◆ What the exercise asks:
In this exercise, print only the lines from the line with "冬、ため池に渡来するキンクロハジロ （香川町）" to the last line of the data below, inclusive. Any pictures should be left out.

---------- Record excerpts

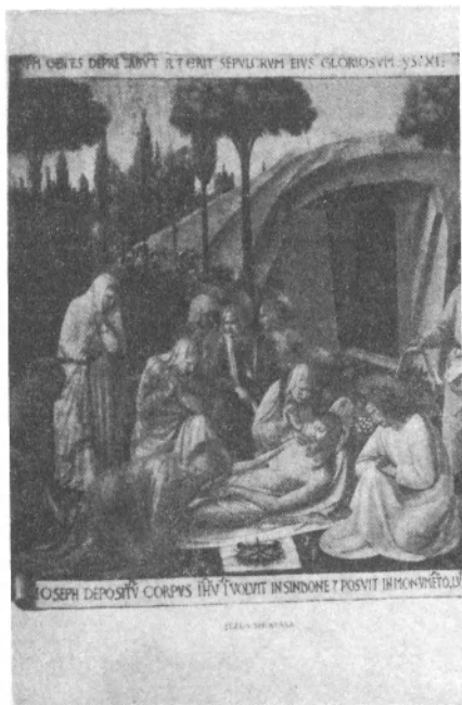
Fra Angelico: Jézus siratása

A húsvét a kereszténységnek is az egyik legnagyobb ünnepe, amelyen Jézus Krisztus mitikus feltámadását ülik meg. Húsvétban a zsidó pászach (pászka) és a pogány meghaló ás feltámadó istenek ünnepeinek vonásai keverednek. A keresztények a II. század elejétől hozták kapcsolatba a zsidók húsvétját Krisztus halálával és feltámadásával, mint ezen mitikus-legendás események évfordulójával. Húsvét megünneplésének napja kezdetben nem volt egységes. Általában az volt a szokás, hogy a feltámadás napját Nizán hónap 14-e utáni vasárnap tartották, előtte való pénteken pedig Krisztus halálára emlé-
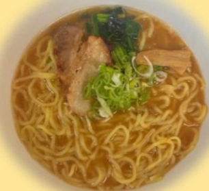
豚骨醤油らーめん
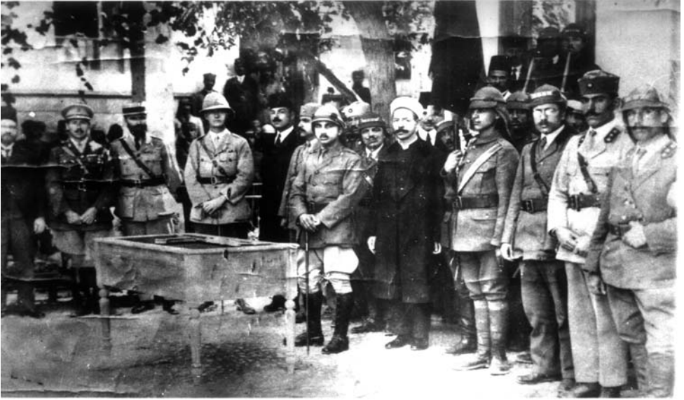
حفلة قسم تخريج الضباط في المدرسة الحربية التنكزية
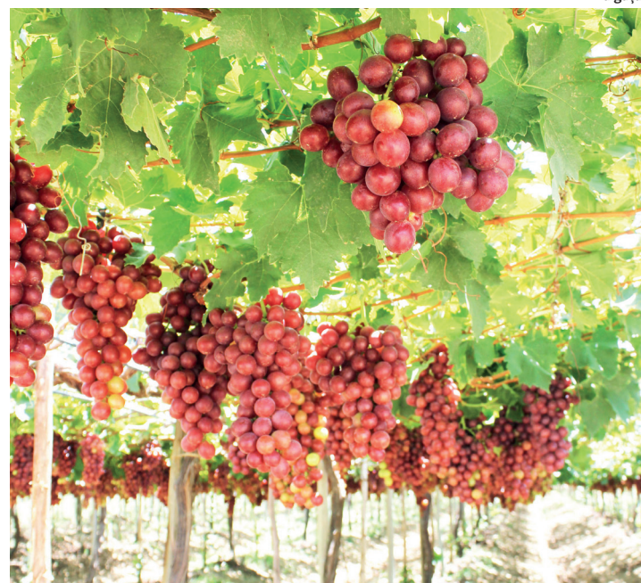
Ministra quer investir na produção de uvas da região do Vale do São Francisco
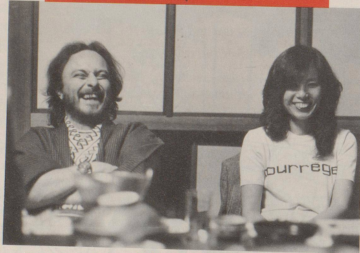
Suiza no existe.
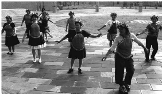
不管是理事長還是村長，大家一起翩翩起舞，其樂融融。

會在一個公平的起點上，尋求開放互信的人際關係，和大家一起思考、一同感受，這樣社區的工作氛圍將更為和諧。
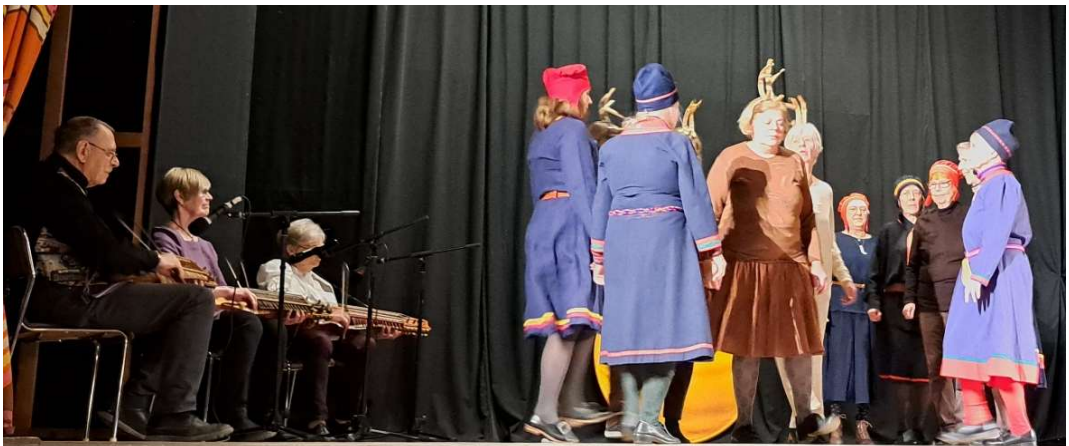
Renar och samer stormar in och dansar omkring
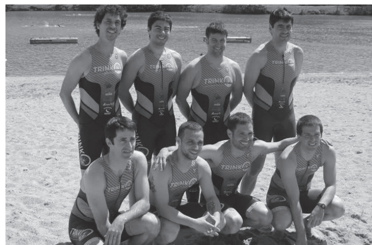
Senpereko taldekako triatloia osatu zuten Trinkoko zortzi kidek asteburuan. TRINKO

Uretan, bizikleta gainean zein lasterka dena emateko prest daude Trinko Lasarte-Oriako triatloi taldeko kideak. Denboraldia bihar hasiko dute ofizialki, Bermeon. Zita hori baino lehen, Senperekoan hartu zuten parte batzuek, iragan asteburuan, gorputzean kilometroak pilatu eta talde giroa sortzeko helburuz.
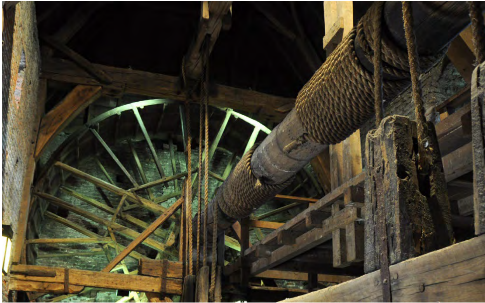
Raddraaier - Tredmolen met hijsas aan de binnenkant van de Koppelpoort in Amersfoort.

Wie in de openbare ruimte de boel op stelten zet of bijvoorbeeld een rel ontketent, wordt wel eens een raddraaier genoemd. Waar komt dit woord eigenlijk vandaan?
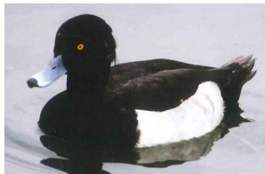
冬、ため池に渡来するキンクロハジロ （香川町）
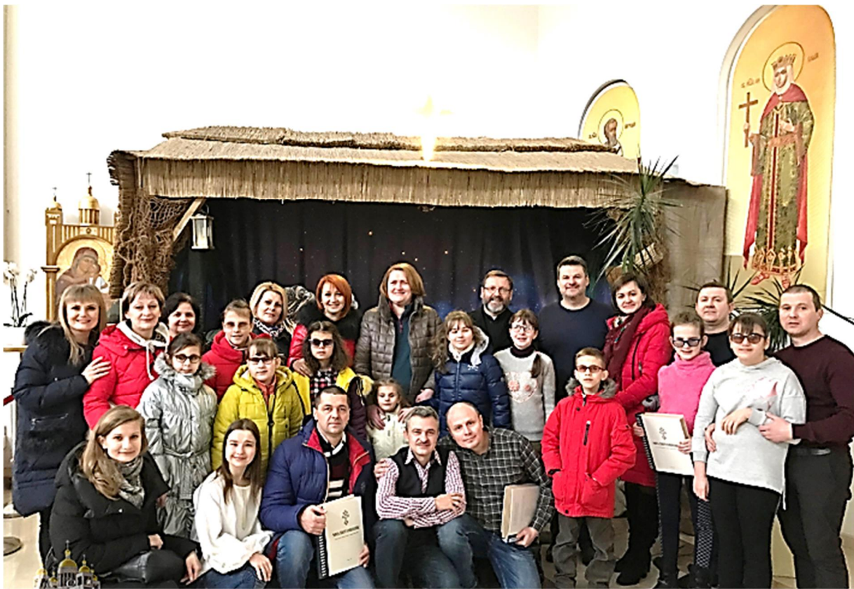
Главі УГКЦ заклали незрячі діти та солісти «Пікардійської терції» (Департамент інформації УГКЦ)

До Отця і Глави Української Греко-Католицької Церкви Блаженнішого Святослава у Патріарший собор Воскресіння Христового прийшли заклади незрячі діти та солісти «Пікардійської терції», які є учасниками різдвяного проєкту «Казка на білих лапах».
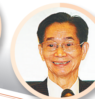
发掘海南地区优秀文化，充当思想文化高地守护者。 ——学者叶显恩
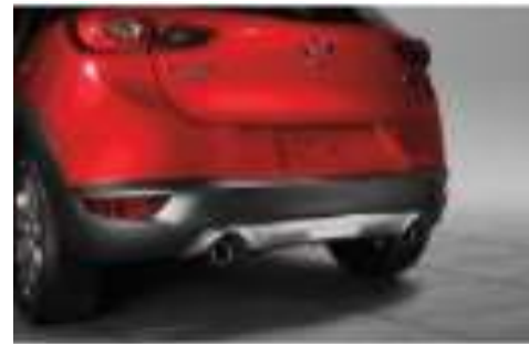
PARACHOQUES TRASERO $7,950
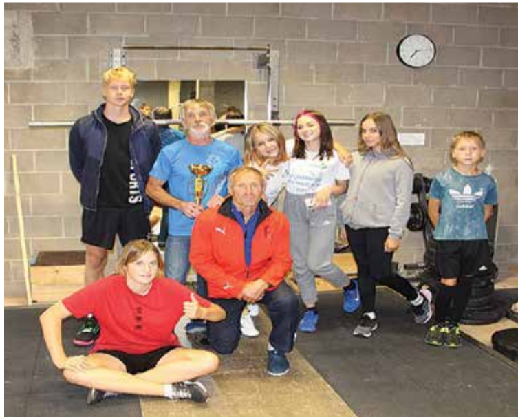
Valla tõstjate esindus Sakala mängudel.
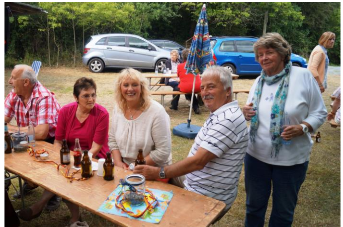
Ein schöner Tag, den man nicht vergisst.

--------------------

◆ Problem solution:
冬、ため池に渡来するキンクロハジロ （香川町）
Главі УГКЦ заклали незрячі діти та солісти «Пікардійської терції» (Департамент інформації УГКЦ)

До Отця і Глави Української Греко-Католицької Церкви Блаженнішого Святослава у Патріарший собор Воскресіння Христового прийшли заклади незрячі діти та солісти «Пікардійської терції», які є учасниками різдвяного проєкту «Казка на білих лапах».
发掘海南地区优秀文化，充当思想文化高地守护者。 ——学者叶显恩
PARACHOQUES TRASERO $7,950
Valla tõstjate esindus Sakala mängudel.
Ein schöner Tag, den man nicht vergisst.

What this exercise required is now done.